## Try it:
Your answer must be an exact copy of the listing, with the images left out.

## The data:
+ + + + +
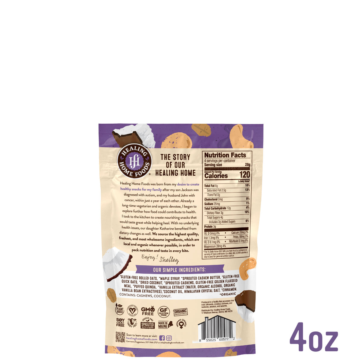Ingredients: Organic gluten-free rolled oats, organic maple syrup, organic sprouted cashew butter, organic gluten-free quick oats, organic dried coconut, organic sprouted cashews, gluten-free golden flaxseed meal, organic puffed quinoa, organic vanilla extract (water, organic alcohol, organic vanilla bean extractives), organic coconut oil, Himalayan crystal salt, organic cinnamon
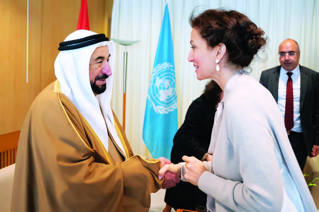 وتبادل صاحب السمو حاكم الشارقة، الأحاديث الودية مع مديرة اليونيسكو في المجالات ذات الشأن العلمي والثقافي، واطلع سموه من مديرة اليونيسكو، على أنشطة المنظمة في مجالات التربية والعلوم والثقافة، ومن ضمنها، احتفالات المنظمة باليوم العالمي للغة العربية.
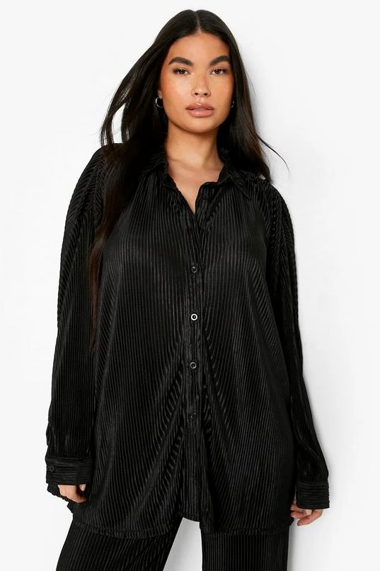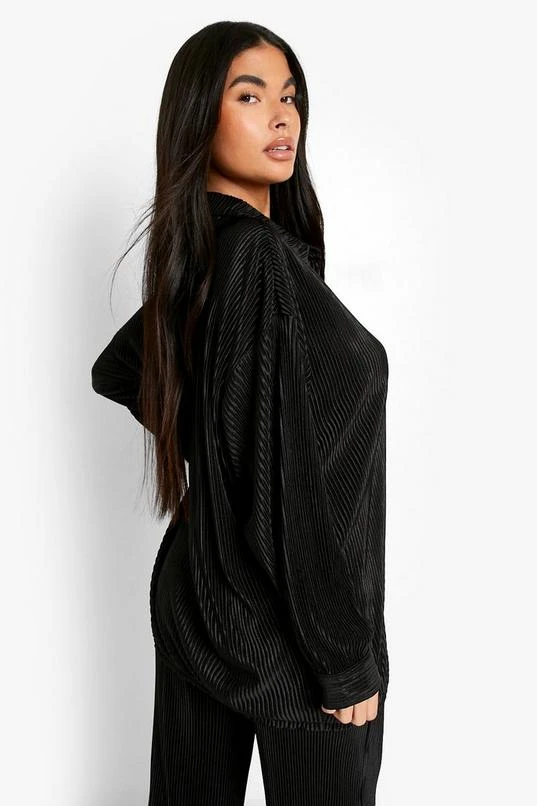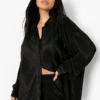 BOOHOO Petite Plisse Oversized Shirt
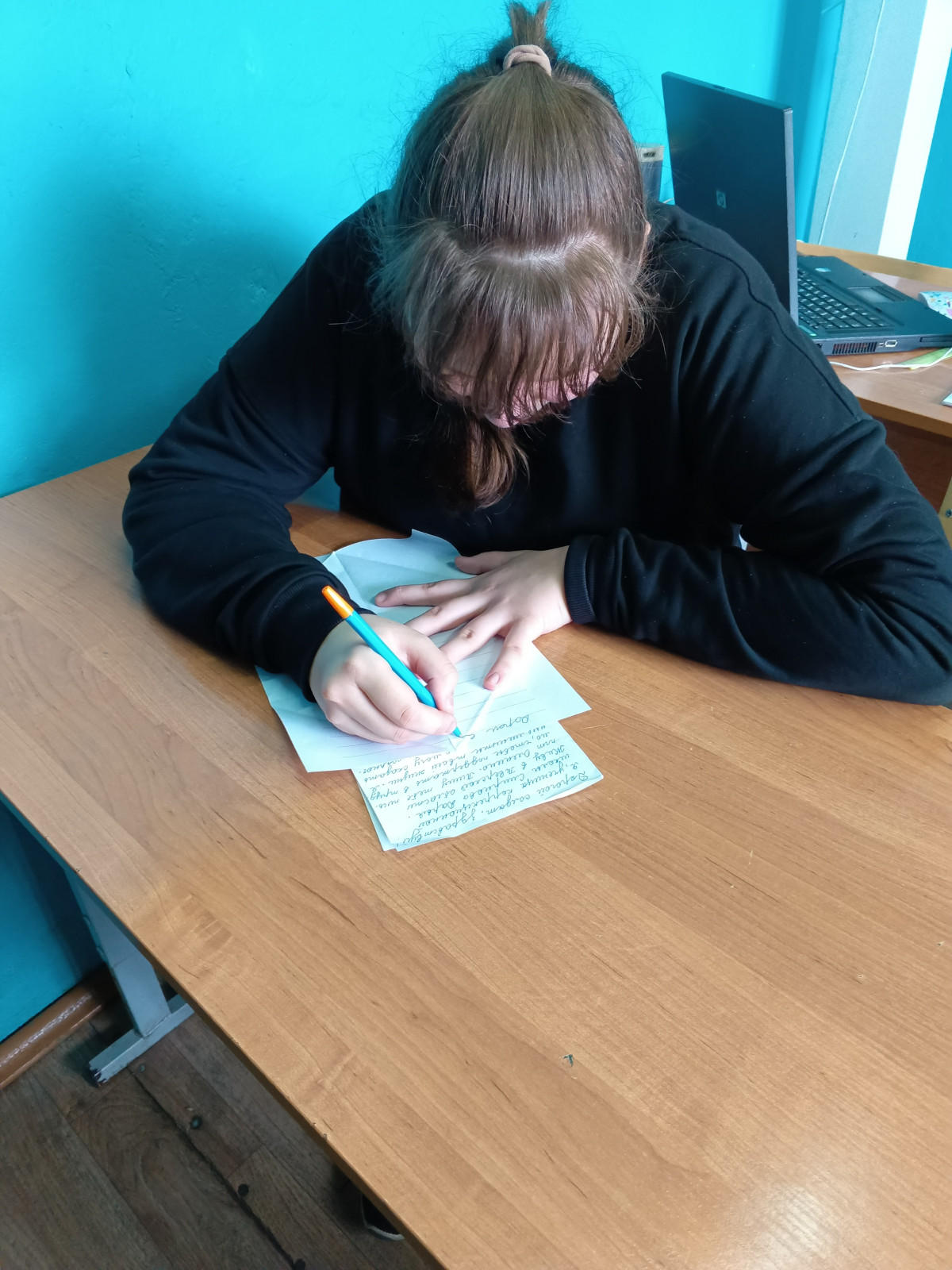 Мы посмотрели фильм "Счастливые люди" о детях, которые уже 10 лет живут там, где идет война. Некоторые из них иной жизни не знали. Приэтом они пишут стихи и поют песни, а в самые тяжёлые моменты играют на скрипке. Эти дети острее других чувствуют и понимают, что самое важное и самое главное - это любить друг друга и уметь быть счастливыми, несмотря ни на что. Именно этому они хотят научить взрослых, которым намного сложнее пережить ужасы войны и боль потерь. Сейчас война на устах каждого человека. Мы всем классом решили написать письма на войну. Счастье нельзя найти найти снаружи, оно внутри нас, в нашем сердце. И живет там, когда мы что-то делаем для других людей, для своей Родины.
+ + + + +
## Task response:
Ingredients: Organic gluten-free rolled oats, organic maple syrup, organic sprouted cashew butter, organic gluten-free quick oats, organic dried coconut, organic sprouted cashews, gluten-free golden flaxseed meal, organic puffed quinoa, organic vanilla extract (water, organic alcohol, organic vanilla bean extractives), organic coconut oil, Himalayan crystal salt, organic cinnamon
 وتبادل صاحب السمو حاكم الشارقة، الأحاديث الودية مع مديرة اليونيسكو في المجالات ذات الشأن العلمي والثقافي، واطلع سموه من مديرة اليونيسكو، على أنشطة المنظمة في مجالات التربية والعلوم والثقافة، ومن ضمنها، احتفالات المنظمة باليوم العالمي للغة العربية.
 BOOHOO Petite Plisse Oversized Shirt
 Мы посмотрели фильм "Счастливые люди" о детях, которые уже 10 лет живут там, где идет война. Некоторые из них иной жизни не знали. Приэтом они пишут стихи и поют песни, а в самые тяжёлые моменты играют на скрипке. Эти дети острее других чувствуют и понимают, что самое важное и самое главное - это любить друг друга и уметь быть счастливыми, несмотря ни на что. Именно этому они хотят научить взрослых, которым намного сложнее пережить ужасы войны и боль потерь. Сейчас война на устах каждого человека. Мы всем классом решили написать письма на войну. Счастье нельзя найти найти снаружи, оно внутри нас, в нашем сердце. И живет там, когда мы что-то делаем для других людей, для своей Родины.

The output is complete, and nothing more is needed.